▶ [DATA TO PROCESS]
□ □ □ □ □
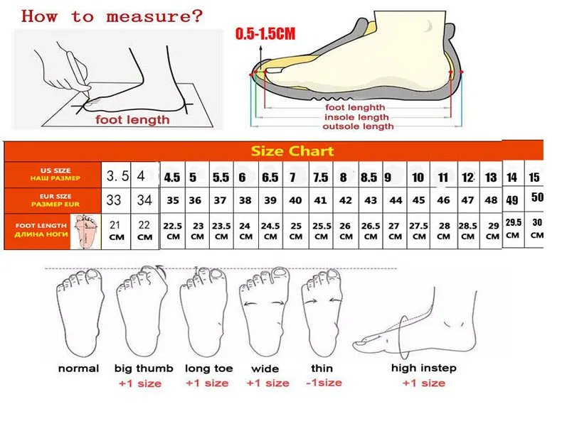 Примечание: 1. Размер США или европейский размер могут отличаться от размера вашей страны, пожалуйста, выбирайте размер только в соответствии с длиной Вашей стопы. 2. Если у вас толстая или широкая стопа, мы предлагаем вам выбрать на размер больше, если вы не уверены, пожалуйста, свяжитесь с нами. 3. Чтобы быстрее пройти таможню, мы упакуем обувь «без коробки», надеемся на понимание. 4. Пожалуйста, проверьте правильность информации о вашем заказе, включая имя получателя, адрес доставки, телефон и почтовый индекс. 5. Если возникнут какие-либо проблемы во время покупки, доставки или после получения товара, пожалуйста, свяжитесь с нами.
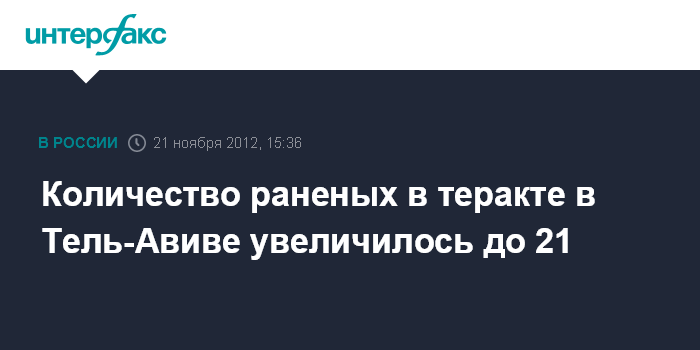 Иерусалим. 21 ноября. INTERFAX.RU - Число пострадавших в результате взрыва автобуса в центре Тель-Авива возросло до 21, сообщает израильская газета "Гаарец".
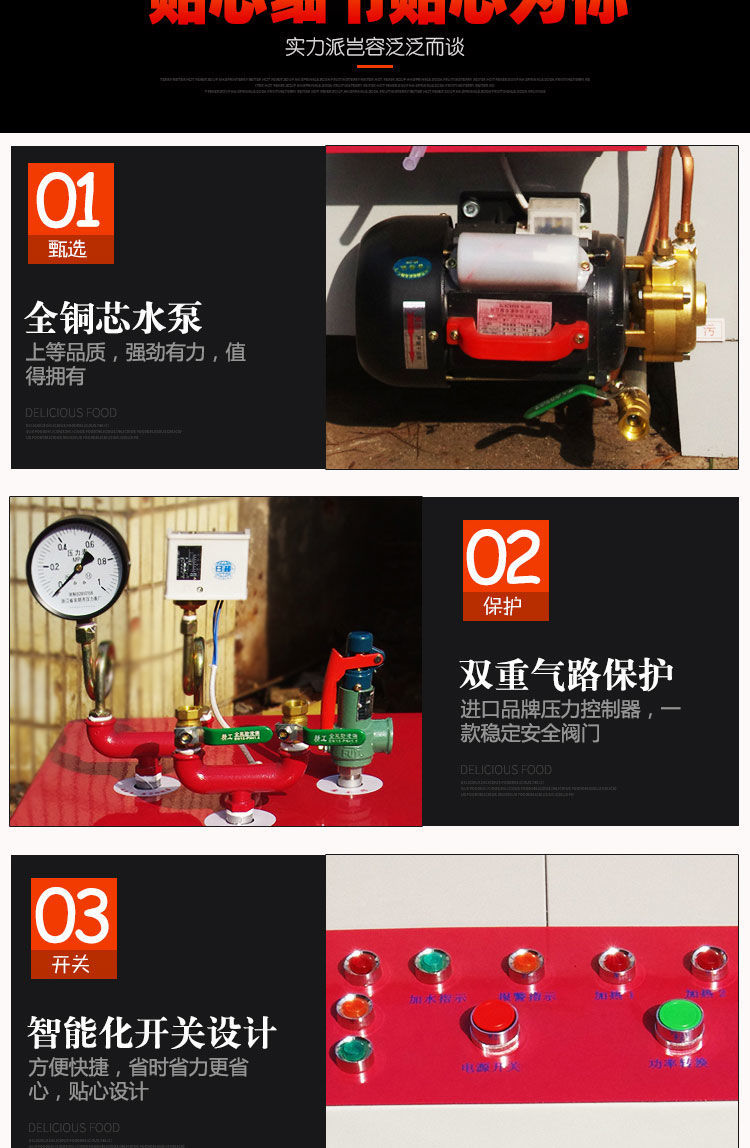全自动燃油蒸汽锅炉配置的是先进的只能全自动控制系统,还有全中文液晶显示屏及人机界面,用户只要事先将作业所需参数设定好,锅炉就能按照设定程序启动,并在运行的过程中自动调节负荷、自动给水等。
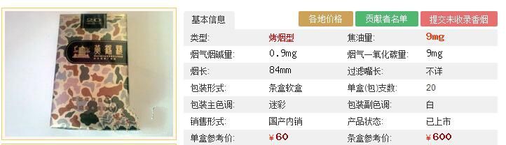 黃鶴樓香煙大彩(硬)綜合應用國內多產區(qū)煙葉,凸顯立體吸味。在配方技術上,充分利用增香功能薄片、亮色煙等復合配方技術,在豐富了產品香韻,降低焦油至6毫克。黃鶴樓大彩的煙支采用了焦油標尺刻度,消費者可以輕松了解并掌控攝入的焦油含量。采用大漠迷彩紋飾,賦予產品特別的身份象征,與其他產品形成天然的視覺區(qū)隔,帶、一股特別的時尚硬朗氣息。
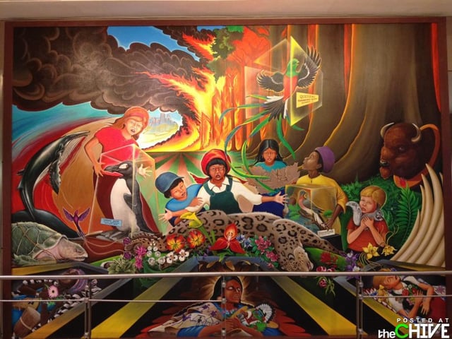 The mural of the burning forest is supposed to show the death of life if we continue to destroy our environment. The second part of the mural that’s cut off shows humanity coming together to save the environment and celebrate nature’s diversity.
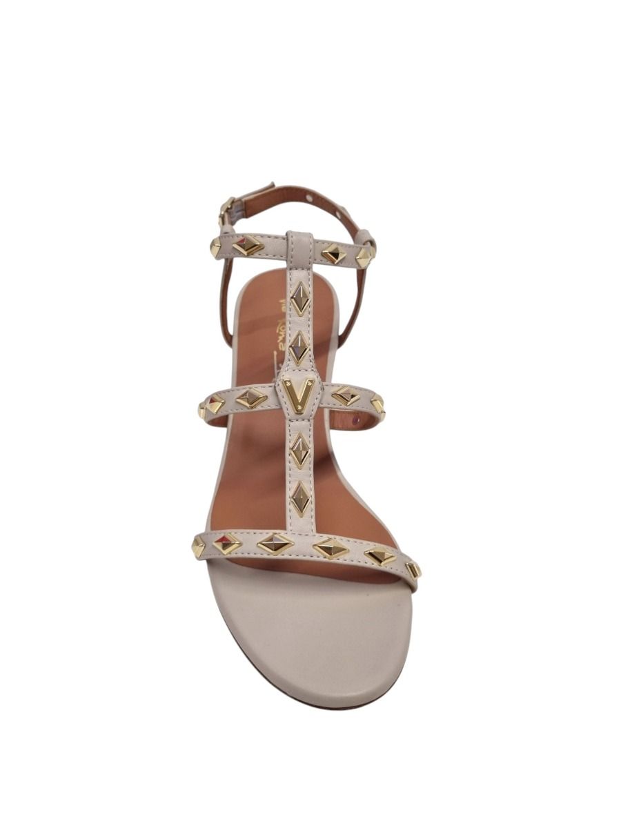 Sandalo borchie e V oro in pelle burro 4630
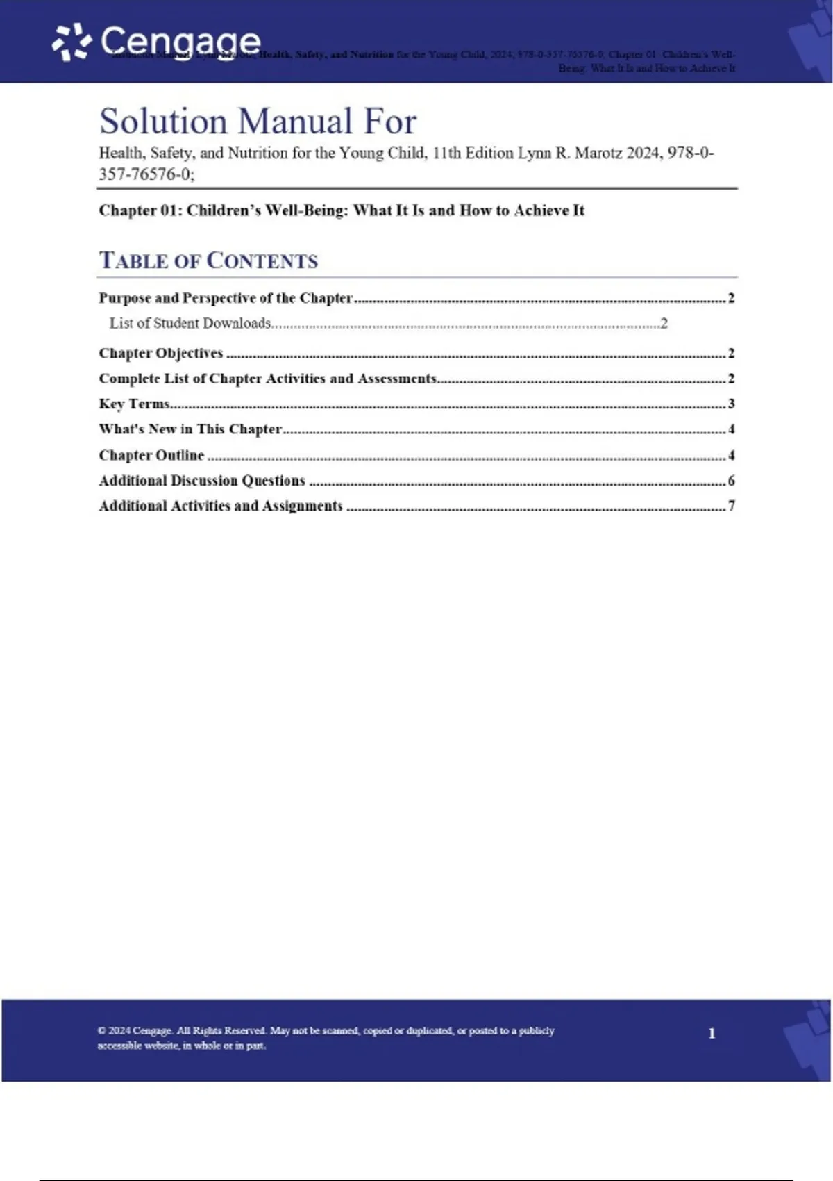 Solution Manual For Health, Safety, and Nutrition for the Young Child, 11th Edition Lynn R. Marotz 2024, 978-0- 357-76576-0;
□ □ □ □ □
▶ [WORK ORDER]
Return every entry word for word, leaving the pictures out.

▶ [TASK RESULT]
 Примечание: 1. Размер США или европейский размер могут отличаться от размера вашей страны, пожалуйста, выбирайте размер только в соответствии с длиной Вашей стопы. 2. Если у вас толстая или широкая стопа, мы предлагаем вам выбрать на размер больше, если вы не уверены, пожалуйста, свяжитесь с нами. 3. Чтобы быстрее пройти таможню, мы упакуем обувь «без коробки», надеемся на понимание. 4. Пожалуйста, проверьте правильность информации о вашем заказе, включая имя получателя, адрес доставки, телефон и почтовый индекс. 5. Если возникнут какие-либо проблемы во время покупки, доставки или после получения товара, пожалуйста, свяжитесь с нами.
 Иерусалим. 21 ноября. INTERFAX.RU - Число пострадавших в результате взрыва автобуса в центре Тель-Авива возросло до 21, сообщает израильская газета "Гаарец".
全自动燃油蒸汽锅炉配置的是先进的只能全自动控制系统,还有全中文液晶显示屏及人机界面,用户只要事先将作业所需参数设定好,锅炉就能按照设定程序启动,并在运行的过程中自动调节负荷、自动给水等。
 黃鶴樓香煙大彩(硬)綜合應用國內多產區(qū)煙葉,凸顯立體吸味。在配方技術上,充分利用增香功能薄片、亮色煙等復合配方技術,在豐富了產品香韻,降低焦油至6毫克。黃鶴樓大彩的煙支采用了焦油標尺刻度,消費者可以輕松了解并掌控攝入的焦油含量。采用大漠迷彩紋飾,賦予產品特別的身份象征,與其他產品形成天然的視覺區(qū)隔,帶、一股特別的時尚硬朗氣息。
 The mural of the burning forest is supposed to show the death of life if we continue to destroy our environment. The second part of the mural that’s cut off shows humanity coming together to save the environment and celebrate nature’s diversity.
 Sandalo borchie e V oro in pelle burro 4630
 Solution Manual For Health, Safety, and Nutrition for the Young Child, 11th Edition Lynn R. Marotz 2024, 978-0- 357-76576-0;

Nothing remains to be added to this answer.